● **What is being asked**: What you return should match the data below exactly, with no pictures in it.
Supplied data: Begin
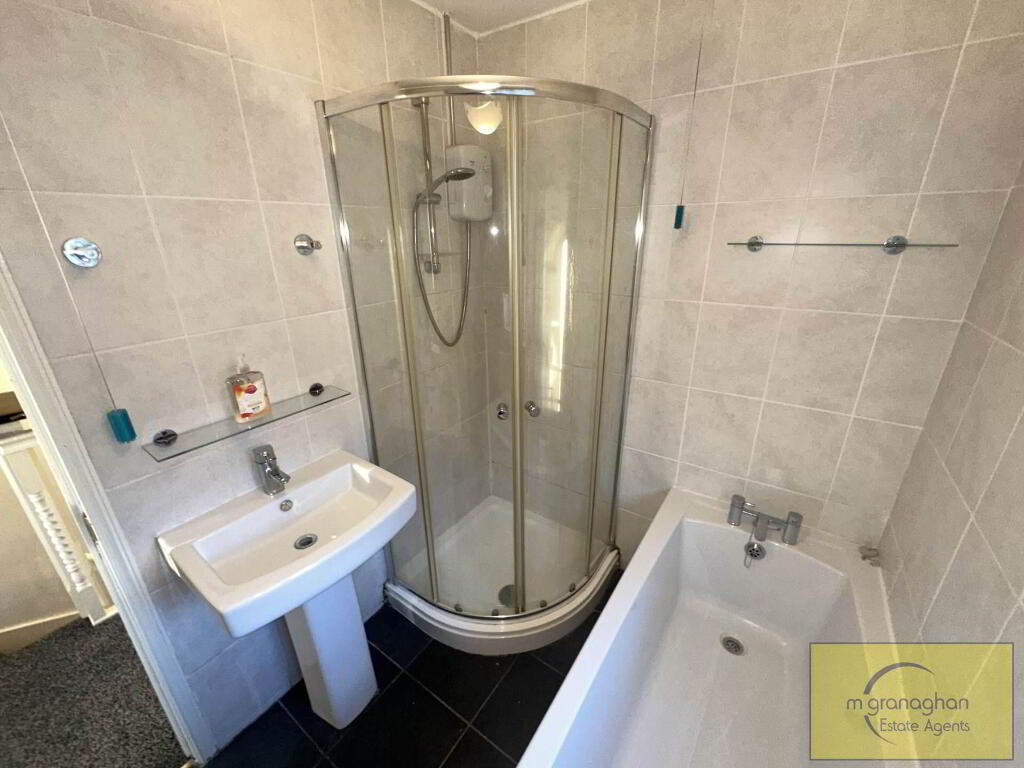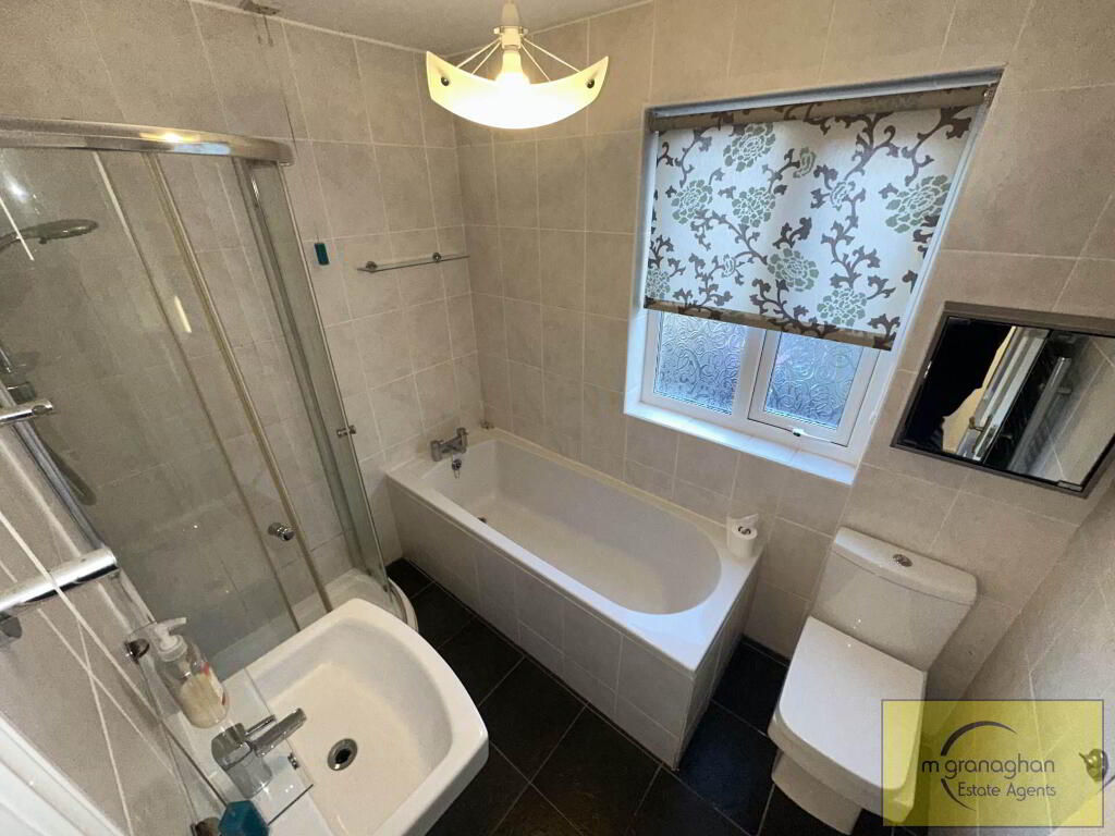 BATHROOM ROOM - 7'11" (2.41m) x 6'3" (1.91m) White bathroom suite comprising of panel bath and shower cubicle, low flush WC, pedestal wash hand basin, fully tiled walls
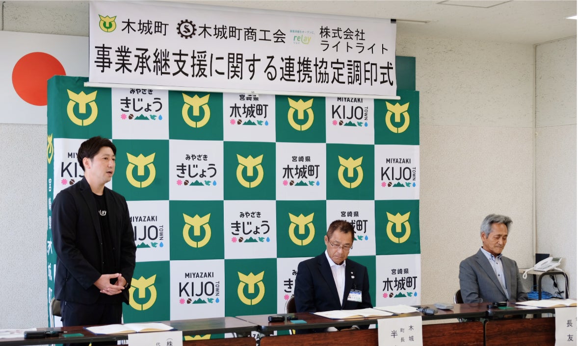 【自治体向け事業承継支援サービス】事業承継マッチングプラットフォーム「relay(リレイ)」と宮崎県木城町、木城町商工会と事業承継推進のため連携協定を締結
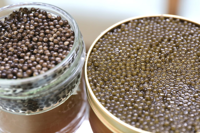 Russian malossol oscietra caviar - the control sample, the same type we had last month. Unfortunately some of the eggs had burst, maybe due to temperature changes during transport.
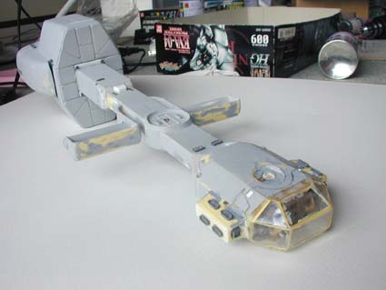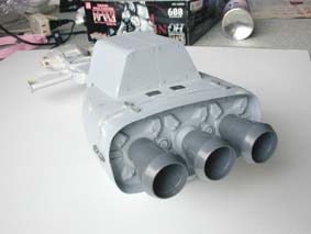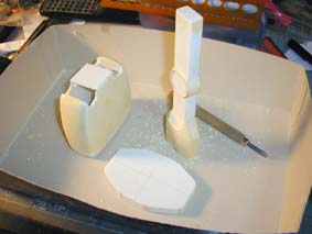 | 図面引いて、まずは、パーツごとに箱組したものに ポリパテをもりもりして、削りーの、また、盛って削りーの。コクピット部は、エアロックまでを製作。 | エンジンブロック、この形にするのに、一週間以上かかったよ。
Supplied data: End
● **Solution to this problem**:
 BATHROOM ROOM - 7'11" (2.41m) x 6'3" (1.91m) White bathroom suite comprising of panel bath and shower cubicle, low flush WC, pedestal wash hand basin, fully tiled walls
 【自治体向け事業承継支援サービス】事業承継マッチングプラットフォーム「relay(リレイ)」と宮崎県木城町、木城町商工会と事業承継推進のため連携協定を締結
 Russian malossol oscietra caviar - the control sample, the same type we had last month. Unfortunately some of the eggs had burst, maybe due to temperature changes during transport.
 | 図面引いて、まずは、パーツごとに箱組したものに ポリパテをもりもりして、削りーの、また、盛って削りーの。コクピット部は、エアロックまでを製作。 | エンジンブロック、この形にするのに、一週間以上かかったよ。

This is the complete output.